The improving economy and job creation mean growing demand for commercial real estate, according to the National Association of Realtors.
Lawrence Yun, NAR chief economist, said job creation will be the biggest factor moving forward.
Job growth creates demand for commercial space, and the economy should be adding between 1.5 million and 2 million jobs annually both this year and in 2012, with the unemployment rate falling to 8.0 percent by the end of next year, he said. Given the minimal new supply in recent years, the rising demand means vacancy rates will be trending down in the commercial real estate sectors. Individual markets are now stabilizing and in some cases rising.
From the second quarter of this year to the second quarter of 2012, NAR forecasts vacancy rates to decline 1.1 percentage points in the multifamily rental market.
A separate NAR commercial lending survey shows 65 percent of Realtors report lending conditions have tightened thus far in 2011, and six out of 10 failed to complete a transaction this year due to financing problems. Regional banks provide the majority of commercial loans, followed by private investors. National banks are a distant third.
Just as in the residential sector, lending problems are the biggest issue impacting commercial real estate, Yun noted.
The multifamily sector is the only area that has clearly turned the corner, resulting in consistently falling vacancy rates and rising rents. Solid rises in apartment rents will force some renters to consider home ownership, Yun said.
NAR’s latest COMMERCIAL REAL ESTATE OUTLOOK2 offers projections for multifamily markets. The apartment rental market ” multifamily housing ” is continuing to tighten as household formation grows.

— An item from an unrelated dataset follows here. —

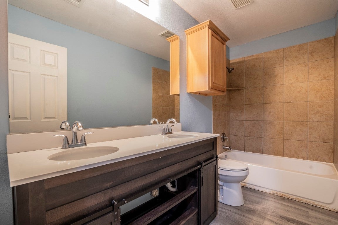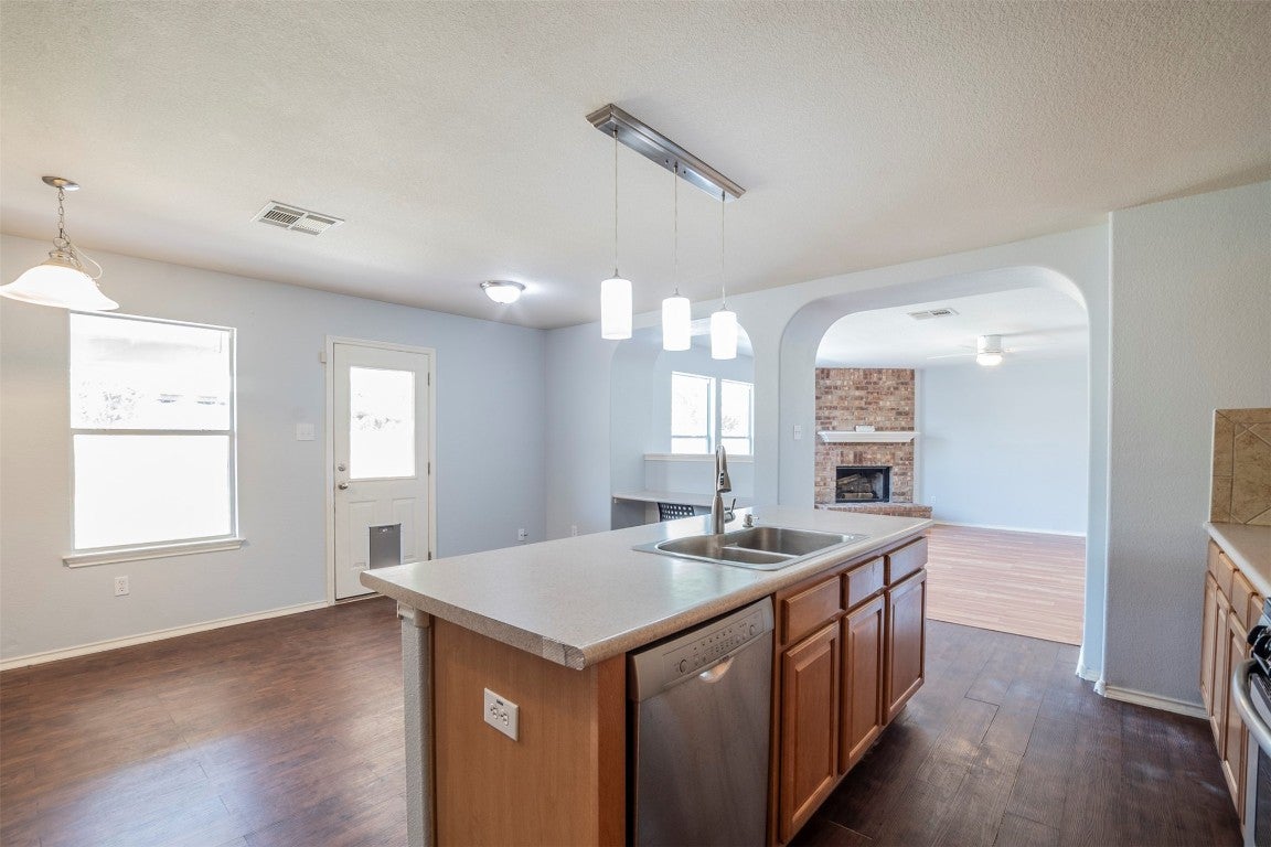 Welcome home to your quiet retreat and work from home! Fiber Internet! Cul de sac, vaulted ceilings, natural light, brick fireplace, home office! All bedrooms are upstairs. Romantic HUGE Master Bedroom. Ensuite Master bathroom with private commode. New shower with glass doors and Jetta 20 inch tub. Linen closet, mirrors, vanity with double sinks! Huge double walk-in closet. Ceiling fans. Truly a place to find rest and comfort. Three large bedrooms in hallway share updated full bath with shower, new double sinks vanity. Second master with ensuite full shower, tub, single sink vanity and walk in closet. Main floor has a Formal Dining, Family room and Office, powder room.. Gourmet kitchen, with center island, dining area, wood cabinets, gas stove, new over range microwave oven, new Samsung stainless steel refrigerator. Dishwasher, disposal, stainless steel deep double sinks. Built in desk to do homework while making dinner, Large walk in Pantry and Laundry room. large sink, lots of shelving. Bring your own washer and dryer. Outside Covered patio and spacious backyard with flower beds, wood privacy fence, concrete patio, and covered patio. New Water softener and whole house filter 2022 by Rainsoft. 50 Gallon LP Water Heater replaced May 2018 upstairs and replaced in 2022 downstairs. A home to relax and entertain inside and out! Solar screens. Work close to home! New Samsung complex 12 min, Hanwha plant 20 min. Austin 26 min. Entertainment: soccer fields, Dell Dimond, Kalahari world's largest waterpark 20 min. Many new stores, downtown Hutto events, bring your new Hutto HIPPO to your new HOME today! Family, community, home!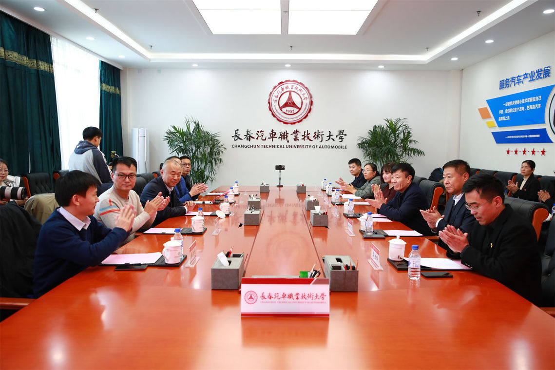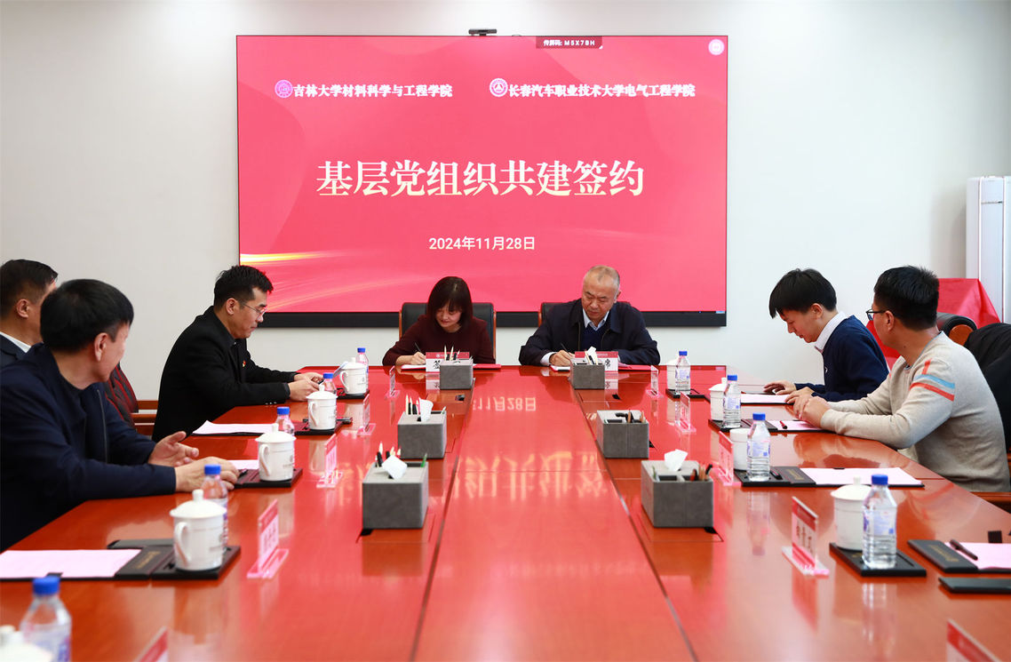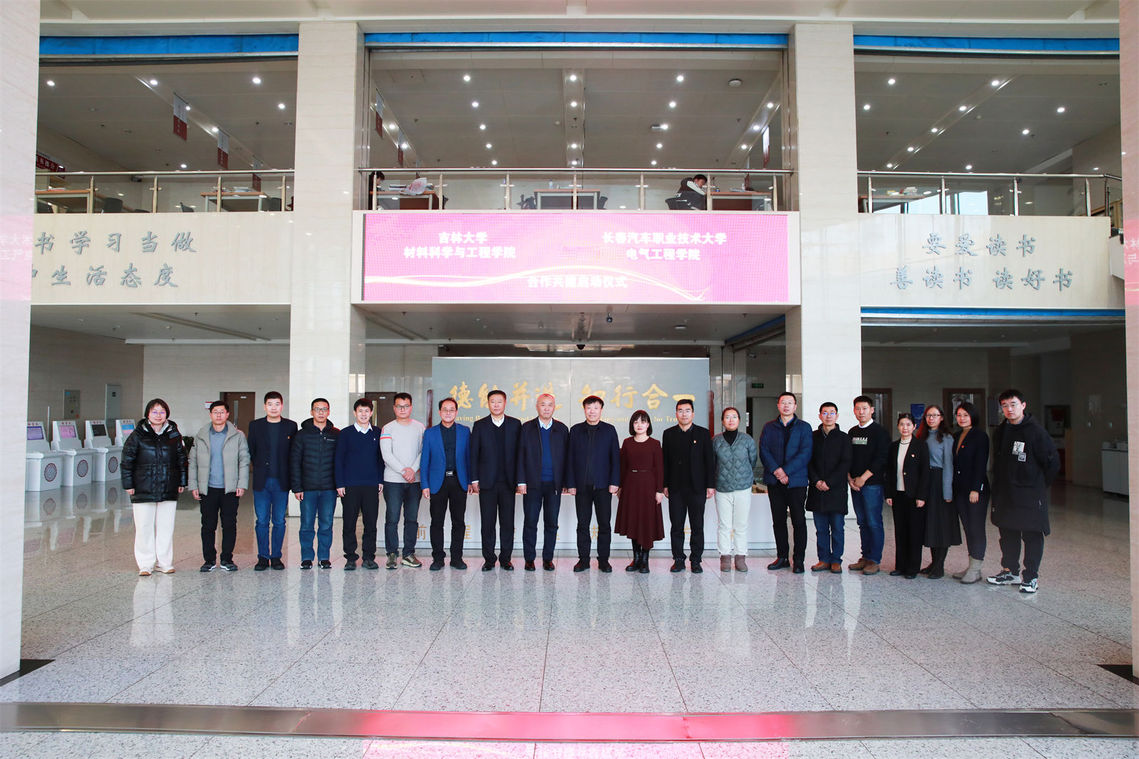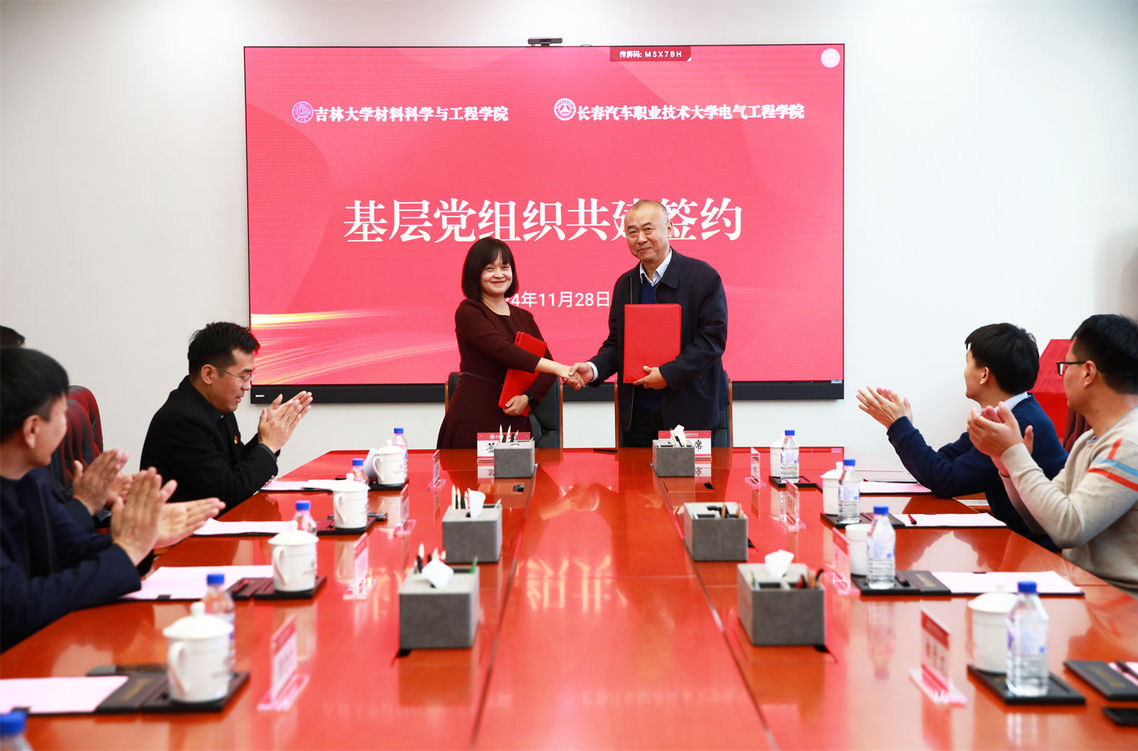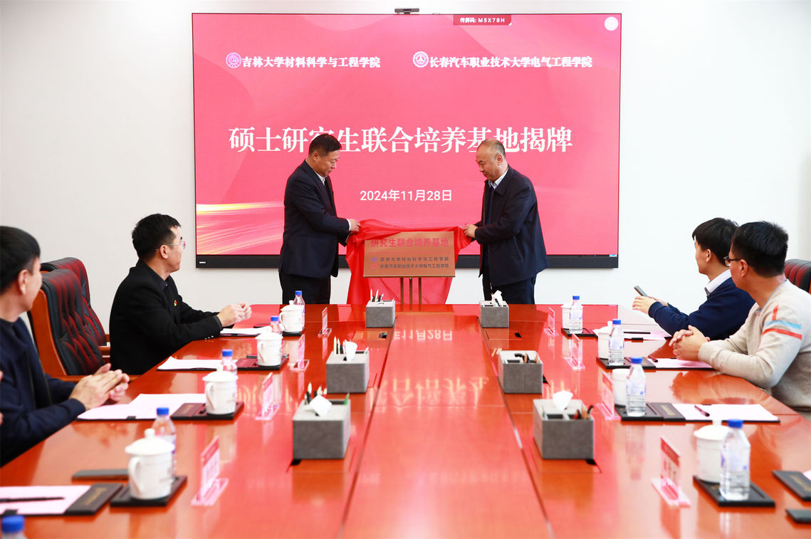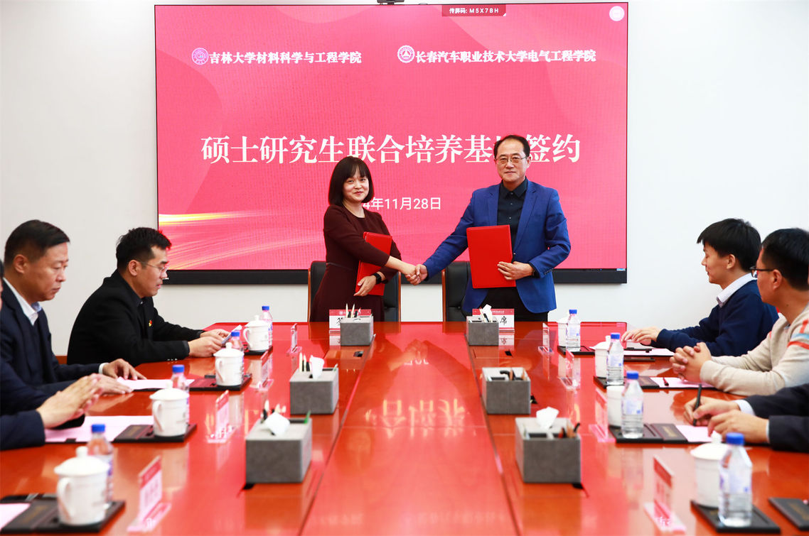 曲贵文、颜丹丹郑重签署了共建硕士研究生联合培养基地协议。未来,双方将本着相互支持、合作共赢的原则,共建“吉林大学材料科学与工程学院-长春汽车职业技术大学电气工程学院材料类专业学位硕士研究生联合培养基地”,并在联合指导、科学研究等方面达成了共识。

Multifamily vacancy rates should drop from 5.8 percent in the current quarter to 4.7 percent in the second quarter of 2012.
Areas with the lowest multifamily vacancy rates presently are Pittsburgh; San Jose, Calif.; and Portland, Ore., with vacancies below 3 percent.
Average apartment rent is likely to rise 3.4 percent this year and another 4.3 percent in 2012. Multifamily net absorption is forecast at 250,800 units in 59 tracked metro areas in 2011.